These problems can mostly resovled by rerun the wflows using:

lapd rerun_fws -s FIZZLED #you may need ``qlaunch`` your VASP batch jobs if no jobs in queue

atomate issue (This issue has been resolved by atomate 1.0.3)

if you use old version of atomate such as 0.9.7, atomate may not be compatible with pymongo >=4.0, you can sovle it by:

pip uninstall pymongo

pip install pymongo==3.11.3

pip uninstall maggma

pip install maggma==0.26.0

fireworks issue

fireworks>=1.9.5 requires UTF-8 for for Windows, you should turn it on Windows setting (system locale)

pymatgen 2021 issue

You mag meet numpy version issues using pymatgen, reporting:

pymatgen 2021.2.16 requires numpy>=1.20.1, but you'll have numpy 1.19.2 which is incompatible.

In such case, please upgrade numpy by:

pip install numpy --upgrade

conda issues

In some cases, such as in the Windows environment, one may meet the error:

ModuleNotFoundError: No module named 'ruamel' #106
This is due to conda bug on namespace of ruamel_yaml vs ruamel.yaml.

One can resolve this by open the Annaconda Powershell Prompt as adminstrator and reinstall ruamel.yaml by:

conda install ruamel.yaml

Troubleshooting Workflow

My job has fizzled! The following steps can help you get information about how your job. You can imagine it as a decision tree. Check one thing before moving on to the next one.

  1. Check that the job ran and has raised an exception with a traceback.

    Run lpad get_fws -i <ID> -d more, replacing <ID> with the integer id of the Firework. Search the output for _exception. What you see is the Python exception that was raised when running the Firework.

    TIP:: Searching works well when you pipe the output to less with lpad get_fws -i <ID> -d more | less and search using /.

    todo:: If you don’t see a traceback, that means… (this is the first step, but does this actually happen?)

  2. Check the traceback is not a common error.

    See the Common Errors section

Common Errors

Custodian VasprunXMLValidator failed

In this error, you get a traceback that looks something like:

Traceback (most recent call last):
  File "/storage/home/bjb54/.conda/envs/wfs/lib/python3.7/site-packages/custodian/", line 320, in run
    self._run_job(job_n, job)
  File "/storage/home/bjb54/.conda/envs/wfs/lib/python3.7/site-packages/custodian/", line 428, in _run_job
    raise CustodianError(s, True, v)
custodian.custodian.CustodianError: (CustodianError(...), 'Validation failed: <custodian.vasp.validators.VasprunXMLValidator object at 0x2af45b1d3908>')

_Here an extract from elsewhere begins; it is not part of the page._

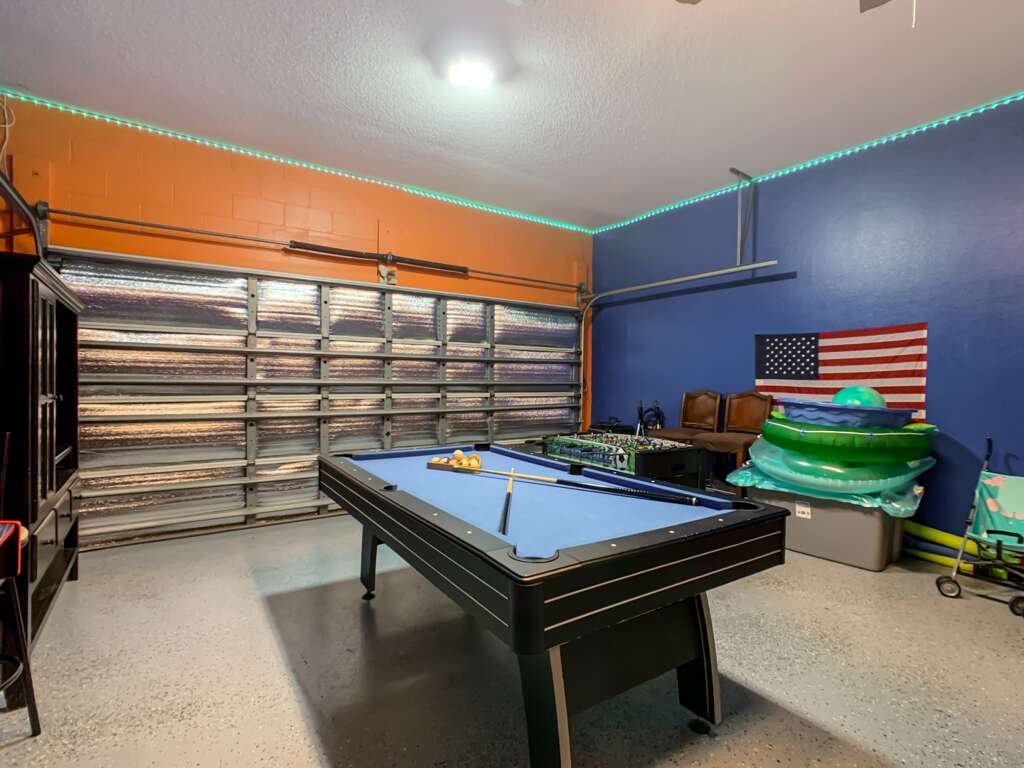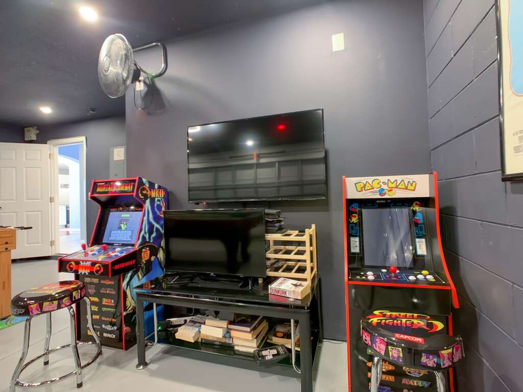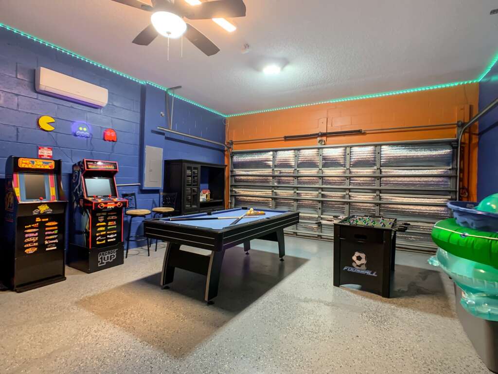 Air-conditioned game room w/ pool table, foosball & arcade games

During handling of the above exception, another exception occurred:

Traceback (most recent call last):
  File "/storage/home/bjb54/.conda/envs/wfs/lib/python3.7/site-packages/fireworks/core/", line 262, in run
    m_action = t.run_task(my_spec)
  File "/storage/home/bjb54/.conda/envs/wfs/lib/python3.7/site-packages/atomate/vasp/firetasks/", line 204, in run_task
  File "/storage/home/bjb54/.conda/envs/wfs/lib/python3.7/site-packages/custodian/", line 330, in run
    .format(self.total_errors, ex))
RuntimeError: 0 errors reached: (CustodianError(...), 'Validation failed: <custodian.vasp.validators.VasprunXMLValidator object at 0x2af45b1d3908>'). Exited...

With the key being that Custodian fails to validate the vasprun.xml. After running VASP, Custodian will try to parse the vasprun.xml file using pymatgen.

There are usually two possible triggers for this failure:

  1. VASP failed to run at all (more common) or quit in a way that custodian did not detect (less common)

  2. The vasprun.xml file could not be parsed by pymatgen.

To investigate this, first check that VASP ran (e.g. the OUTCAR shows that the run completed successfully). If VASP did not run, find out why and fix that issue. If VASP did run successfully, it was probably an issue parsing the vasprun.xml file. Try parsing the vasprun.xml file using the class. If it throws an error when you try to parse, that’s what made Custodian fail and you should fix that.